The expected answer is the set of lines in the data below between the line holding "Wanneer u een" and the line holding "창원지방법원 김해시법원 2023가소113077", inclusive, written out exactly.

PROVIDED DATA:
+-------+

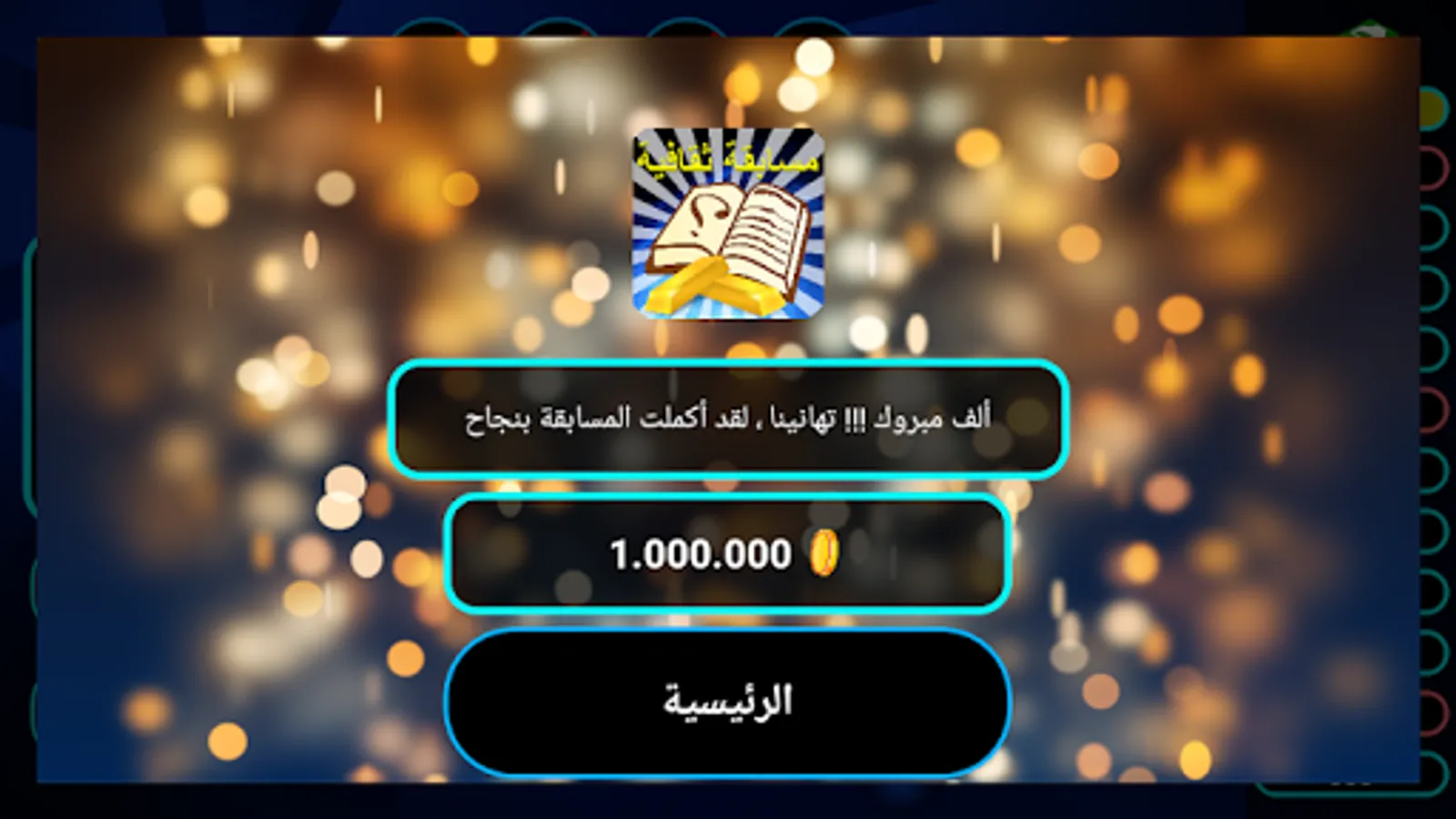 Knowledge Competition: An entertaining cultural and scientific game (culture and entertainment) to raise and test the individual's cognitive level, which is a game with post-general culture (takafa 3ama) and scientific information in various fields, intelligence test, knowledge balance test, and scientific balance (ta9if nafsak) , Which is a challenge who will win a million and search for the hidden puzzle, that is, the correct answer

+-------+

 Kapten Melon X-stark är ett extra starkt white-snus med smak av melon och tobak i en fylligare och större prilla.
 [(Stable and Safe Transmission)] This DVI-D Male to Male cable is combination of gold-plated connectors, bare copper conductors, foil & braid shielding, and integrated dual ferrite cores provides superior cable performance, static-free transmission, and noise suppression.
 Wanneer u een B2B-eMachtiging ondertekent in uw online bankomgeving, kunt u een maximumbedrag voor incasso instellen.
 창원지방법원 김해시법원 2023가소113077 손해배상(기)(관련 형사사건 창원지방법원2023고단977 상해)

+-------+

OUTPUT OF THE TASK:
 Wanneer u een B2B-eMachtiging ondertekent in uw online bankomgeving, kunt u een maximumbedrag voor incasso instellen.
 창원지방법원 김해시법원 2023가소113077 손해배상(기)(관련 형사사건 창원지방법원2023고단977 상해)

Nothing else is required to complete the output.